RESULT: Uncertainty, caution and low volume all acted to reduce profits at the inter dealer-broker
March 5, 2013

The picture at Tullett Prebon (TLPR) is not as gloomy as the headline numbers suggest, but even adding back restructuring costs, legal costs and goodwill impairment left operating profits at the inter-dealer broker down 15 per cent at £126m, while operating margins were squeezed from 16.3 per cent down to 14.8 per cent.

IC TIP: Sell at 269p

Turnover was hit by a combination of low volatility and customers becoming more risk averse, as well as uncertainty over the impact of new regulations set to govern the over-the-counter market. Predictably, management moved to reduce the cost base, reducing the head count by 220, giving a projected annual reduction in fixed costs of £30m.

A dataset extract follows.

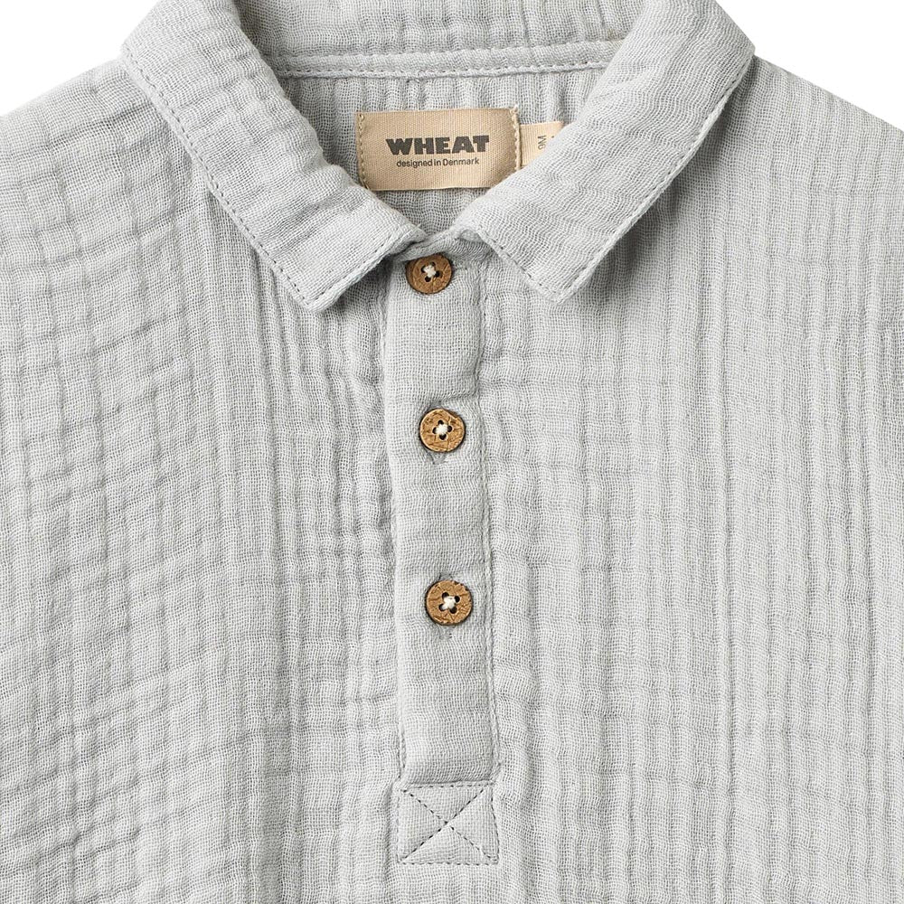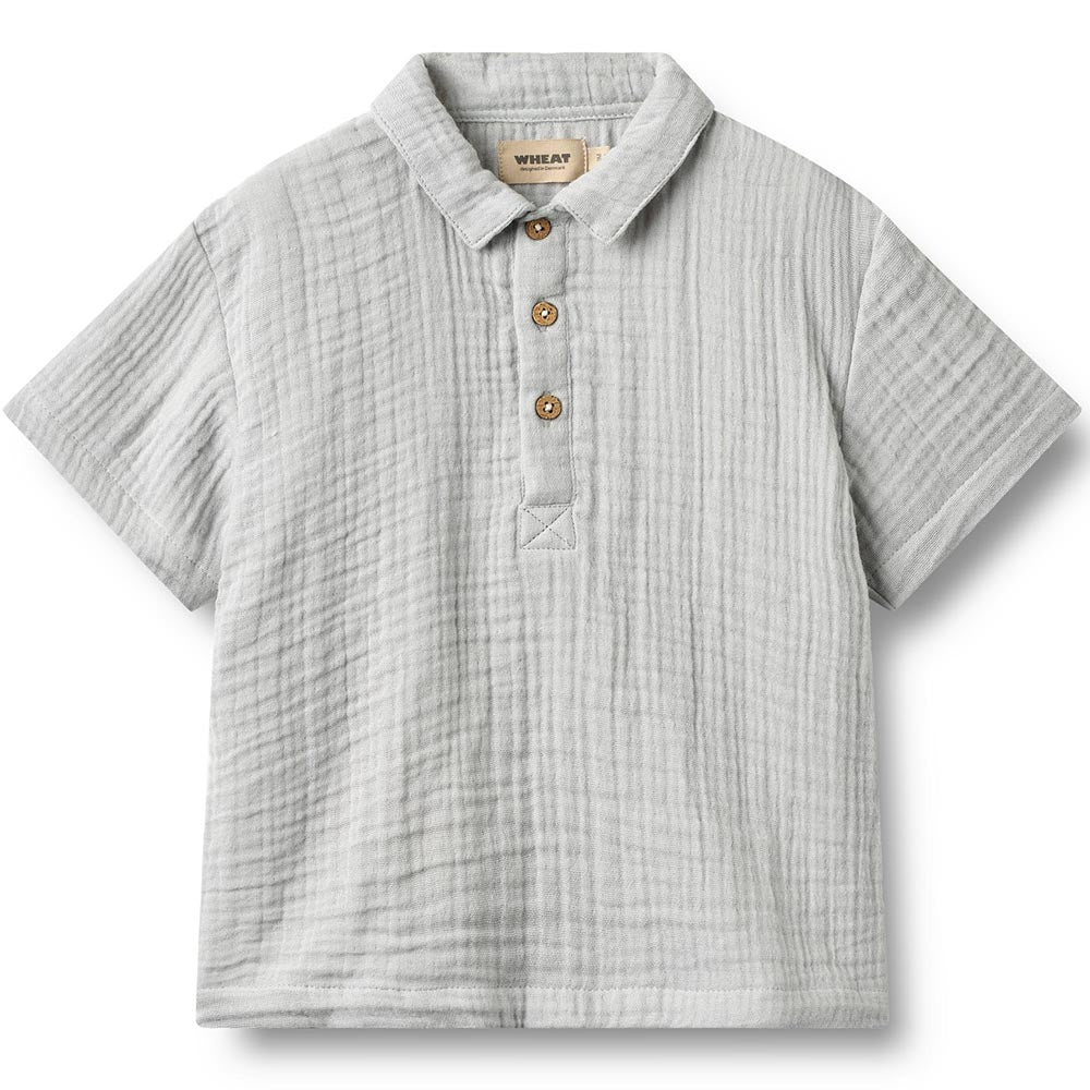 Kurzärmeliges Hemd aus weicher Bio-Baumwollgaze von WHEAT. Diese Hemd eignet sich perfekt für besondere Anlässe und gemütliche Tage. Das Hemd ist angenehm zu tragen, hat eine lockere Passform und wird bis zur Hälfte geknöpft. Es verleiht jedem Outfit einen klassischen Touch und lässt sich ideal mit einer Hose und einem Strickpullover kombinieren.

Nearly all product groups experienced a decline in revenue, including Treasury products down 11 per cent at £226.8m - mainly as a result of lower foreign exchange and cash market activity in the US - while fixed income was 12 per cent lower at £224.2m. On a brighter note, revenue from information sales and risk management services grew by 17 per cent to £45.8m.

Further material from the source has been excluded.